Wilkinson Barker Knauer, LLP (motto: “Legal advisors to the communications industry,”) is a major law firm with 31 attorneys. Occupying Suite 700 of what is presumably a large office building in the Dupont Circle area of DC, the firm is in the heart of a very densely populated business district. Any telecommunications company with a decent DC presence has (or can lease access to) a fiber ring running near enough that the last mile is within budgetary reach.

The firm requires enough connectivity to keep 31 telecom lawyers on Westlaw all day, which is surely just a tad more expensive than 3 mbps DSL service. Even if a provider has no intention to lay the last mile of fiber, the law firm’s building must have enough wires going to it that a new entrant could lease space on the last mile from any of the several companies that already did the digging.

Especially coming from someone of Mr. Sullivan’s qualifications, a comparison between that situation and that of nearly any residential consumer—or even most small businesses—is, to say the least, regrettable.

The reader may be well served to re-read Art’s post. He does not imply that Public Knowledge has no choice in broadband provider. Rather, the consumer (e.g., Art as a home end user) has no real choice. From the perspective of most consumers, Montgomery County is in an enviable position. At least Verizon has bothered to offer FiOS there.

It is no coincidence they chose that (incredibly wealthy) location, either—rather than, say, Newark, NJ, where there is not even a promise that FiOS is coming soon. Go to Claritas.com and compare the demographics found in 20814 (Claritas’ description: Executive Suites, Movers & Shakers, New Empty Nests, Upper Crust, Young Influentials) with those of 07114.

Mr. Sullivan’s legal firm may have plenty of broadband choices. However, nearly all consumers are still left in a remarkably uncompetitive market. For those in Bethesda, MD, even their collective wealth cannot provide decent competition. For those who live on less than what Wilkinson Barker Knauer, LLP must spend on wired and wireless telecommunications—that is, for tens of millions of Americans—even FiOS is probably a pipe dream for the foreseeable future. (Further, in a non-neutral broadband market, those who most need subsidies to get next-generation internet are the least likely to get them. What internet sites and services will pay for the right to connect to poor neighborhoods?)

In short, today’s broadband market is so uncompetitive that, for many of us, the top-shelf product from Duopoly Service Provider A isn’t even on the menu.

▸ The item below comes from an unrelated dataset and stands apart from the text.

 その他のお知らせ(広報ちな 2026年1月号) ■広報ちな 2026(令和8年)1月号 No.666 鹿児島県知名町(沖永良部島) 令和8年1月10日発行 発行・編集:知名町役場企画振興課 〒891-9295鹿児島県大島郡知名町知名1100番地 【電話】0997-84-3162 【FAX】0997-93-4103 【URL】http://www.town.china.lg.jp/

Dupont Circle business customers notwithstanding.

Mike, Thanks for chiming

Mike,

Thanks for chiming in. Unfortunately, my house, nor anyone’s house, is in the same category as your law firm. Businesses have lots of choices. Residential users don’t, certainly to the degree that consumers have elsewhere.

Though the difference in

Though the difference in choices are important, the lack of availability in rural areas to broadband access may be just as important. Allowing market forces to regulate the availability of electricity in the U.S. was done up to a point, then the federal government stepped. I am of the thought that broadband communication diffusion may follow a similar pattern.

As a little aside, you can draw some conclusions on rural vs. ubran from this…

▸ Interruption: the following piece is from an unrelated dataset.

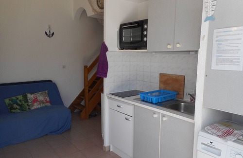 RENTED T2 air-conditioned villa with private garden surrounded by a hedge guaranteeing tranquility and private parking space in front of the house. 48m2 terrace, garden furniture (chairs, table, large parasol, sunbeds and barbecue).

Town: Shelbyville, Illinois Internet Access: 56K modem, 3MB DSL (at my parents home is the fastest available) Population: 5000

City: Champaign/Urbana, Illinois Internet Access: 56K modem, DSL (various speeds), Cable modem, Satellite Population: around 150000

City: Norman, Oklahoma Internet Access: 56K modem, DSL (various speeds), Cable modem, free wireless from OU if in range Population:100000, but is close to the Oklahoma City Metro

Just as bad as the poor

Just as bad as the poor market competition, is the non-existent markets in many areas of the country where broadband access is not available.